To check it out, compare it to its corresponding non-CTE version:
SELECT
o.Customer,
o.TotalOrders2025,
s.AvgSales
FROM (
SELECT Customer, SUM(Amount) AS TotalOrders2025
FROM DemoCTE.DemoOrders
WHERE OrderYear = 2025
GROUP BY Customer
) o
JOIN (
SELECT Customer, AVG(Amount) AS AvgSales
FROM DemoCTE.Sales
GROUP BY Customer
) s
ON o.Customer = s.Customer
WHERE o.TotalOrders2025 > s.AvgSales
It is the same logic.

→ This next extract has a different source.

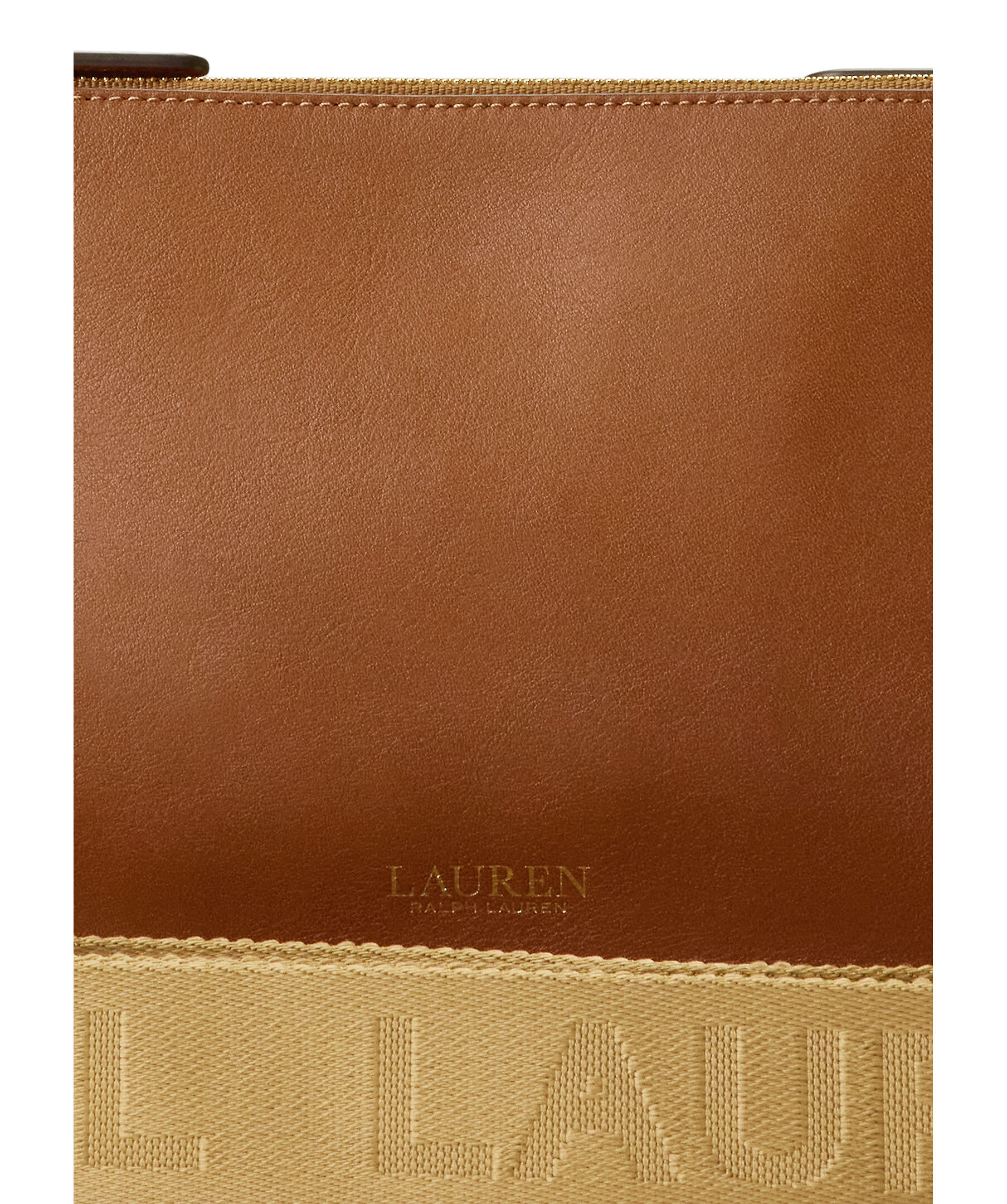 Brun väska i läder från Lauren Ralph Lauren. Tryckt guldfärgad logotyp. Två huvudfack som stängs med guldfärgad dragkedja. Två justerbara och avtagbara axelremmar, en i läder och ett vävt med logotyper. Väskans mått: H 17 cm, B 25 cm, D 4 cm.

However, it is significantly harder to understand compared to its CTE version.
3.2 Multi-Stage Data Transformation
CTEs naturally express transformation pipelines.
WITH Filtered AS (
SELECT *
FROM DemoCTE.Sales
WHERE Amount > 100
),
Aggregated AS (
SELECT Customer, SUM(Amount) Total
FROM Filtered
GROUP BY Customer
)
SELECT *
FROM Aggregated
ORDER BY Total DESC
All operations remain inside the SQL optimizer.
In general, queries that require multiple logical steps (e.g., filtering, aggregation, and comparison) are good candidates for CTEs since without them, the query becomes deeply nested and more difficult to comprehend.
3.3 Reusing Intermediate Results
A CTE can be referenced multiple times within the same query.
WITH HighSales AS (
SELECT *
FROM DemoCTE.Sales
WHERE Amount > 500
)
SELECT COUNT(*)
FROM HighSales
UNION ALL
SELECT SUM(Amount)
FROM HighSales
Since a CTE is more logical than physical, repeated references may result in re-evaluation depending on optimizer decisions.
4. Performance Considerations
4.1 Optimization Behavior
InterSystems IRIS treats CTEs as part of a unified execution plan rather than independent steps.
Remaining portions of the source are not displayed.